Se calcula que de implantarse en el sistema de enseñanza las recomendaciones sobre conducción que realizan profesionales, mecánicos y técnicos en general para optimizar el rendimiento de combustible, España ahorraría unos 800 millones de gasóleo y casi 2.000 millones litros de gasolina. Esto equivaldría a 160 euros anuales por cada automovilista, lo que en la actual coyuntura, no resulta nada despreciable ni el plano económico ni en el ecológico.
Desde hace más de diez años diversos países de la Unión Europea incorporan programas de conducción ecológica, que buscan ayudar a los conductores a utilizar de manera rutinaria una serie de sencillas normas al volante, para ahorrar. En Andalucía se han dictado cursos con una amplia convocatoria y recepción por parte de los conductores. En dichas experiencias, se ha contado con una asistencia de más 4.000 conductores anuales, de los que el 15% eran profesionales. Esto indica que aun entre los mejores, hay mucho que aprender: sólo el 3% de los conductores sabe aplicar técnicas de conducción de este tipo, según un estudio realizado por el Comisionado Europeo del Automóvil.
Además, lo que entre los conductores particulares representa un ahorro de algo menos de 200 euros anuales, entre los transportistas alcanza los 2.000 euros. Esto explica el auge de los cursos destinados a optimizar la conducción, y la presencia de algunos de sus impulsores: en el caso andaluz, han sido organizados este año por la Consejería de Innovación, Ciencia y Empresa, a través de la Agencia Andaluza de la Energía en convenio con el Instituto para el Ahorro y Diversificación de la Energía (IDAE), y experiencias similares se han llevado a cabo en Valencia, País Vasco o Barcelona.

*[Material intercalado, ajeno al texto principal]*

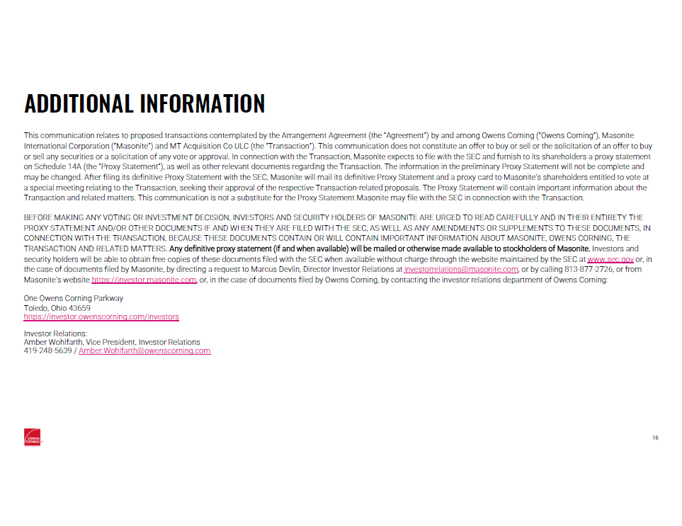 ADDITIONAL INFORMATION This communication relates to proposed transactions contemplated by the Arrangement Agreement (the “Agreement”) by and among Owe ns Corning (“Owens Corning”), Masonite International Corporation (“Masonite”) and MT Acquisition Co ULC (the “Transaction”). This communication does not constitute an offer to buy or sell or the solicitation of an offer to buy or sell any securities or a solicitation of any vote or approval. In connection with the Transaction, Masonite expects to fil e w ith the SEC and furnish to its shareholders a proxy statement on Schedule 14A (the “Proxy Statement”), as well as other relevant documents regarding the Transaction. The information in th e p reliminary Proxy Statement will not be complete and may be changed. After filing its definitive Proxy Statement with the SEC, Masonite will mail its definitive Proxy Statement a nd a proxy card to Masonite’s shareholders entitled to vote at a special meeting relating to the Transaction, seeking their approval of the respective Transaction - related proposals. The Proxy Statement will contain important information about the Transaction and related matters. This communication is not a substitute for the Proxy Statement Masonite may file with the SE C i n connection with the Transaction. BEFORE MAKING ANY VOTING OR INVESTMENT DECISION, INVESTORS AND SECURITY HOLDERS OF MASONITE ARE URGED TO READ CAREFULLY AND I N T HEIR ENTIRETY THE PROXY STATEMENT AND/OR OTHER DOCUMENTS IF AND WHEN THEY ARE FILED WITH THE SEC, AS WELL AS ANY AMENDMENTS OR SUPPLEMENTS TO T HES E DOCUMENTS, IN CONNECTION WITH THE TRANSACTION, BECAUSE THESE DOCUMENTS CONTAIN OR WILL CONTAIN IMPORTANT INFORMATION ABOUT MASONITE, OWENS COR NING, THE TRANSACTION AND RELATED MATTERS. Any definitive proxy statement (if and when available) will be mailed or otherwise made available to stockholders of Masonite . Investors and security holders will be able to obtain free copies of these documents filed with the SEC when available without charge throu gh the website maintained by the SEC at www.sec.gov or, in the case of documents filed by Masonite, by directing a request to Marcus Devlin, Director Investor Relations at investorrelations@masonite.com , or by calling 813 - 877 - 2726 , or from Masonite ’s website https://investor.masonite.com , or, in the case of documents filed by Owens Corning, by contacting the investor relations department of Owens Corning: One Owens Corning Parkway Toledo, Ohio 43659 https://investor.owenscorning.com/investors Investor Relations: Amber Wohlfarth, Vice President, Investor Relations 419 - 248 - 5639 / Amber.Wohlfarth@owenscorning.com 16

Diversos recursos para el ahorroEn el mercado automotor en general, se ha echado mano de diversos recursos con el fin de lograr el ahorro de combustible: los equipos de imanes (un campo magnético que modifica las propiedades físicas del combustible) optimizan el agrupamiento molecular y en consecuencia, el consumo de combustible se vuelve más eficiente: un ahorro que puede llegar al 30%. El fabricante de coches japonés Nissan Motor Co. Ltd. en 2006 ha sacado al mercado algunos modelos que incluyen de fábrica un medidor de consumo de combustible: cuando el conductor pisa el acelerador, un contador le muestra cuánto sube el consumo de gasolina segundo a segundo. Según la compañía nipona, este mecanismo podría mejorar en 10% el consumo, porque cuando la gente tiene un medidor de la eficacia del consumo de combustible en sus autos, suele conducir con más cuidado. Se intenta no hacer aceleraciones bruscas, controlar el régimen de giro del motor y obtener mejores resultados. La marca japonesa ha puesto en marcha esta política, como parte de su lucha contra la emisión de CO2, en algunos modelos que se comercializan en Japón (deportivos Skyline) y en América del Norte (Altima).
Aunque de uso poco común en España, estos dispositivos se pueden instalar aparte. De hecho, los cursos de conducción especializados los utilizan para demostrar la eficiencia de maniobras y ritmos en la conducción. Pero este no es más que un recurso con un objetivo concreto: generar conciencia del consumo paso a paso para que le conductor modifique su conducción. Justo lo que la mayoría de los especialistas garantizan como el método más eficiente de ahorro.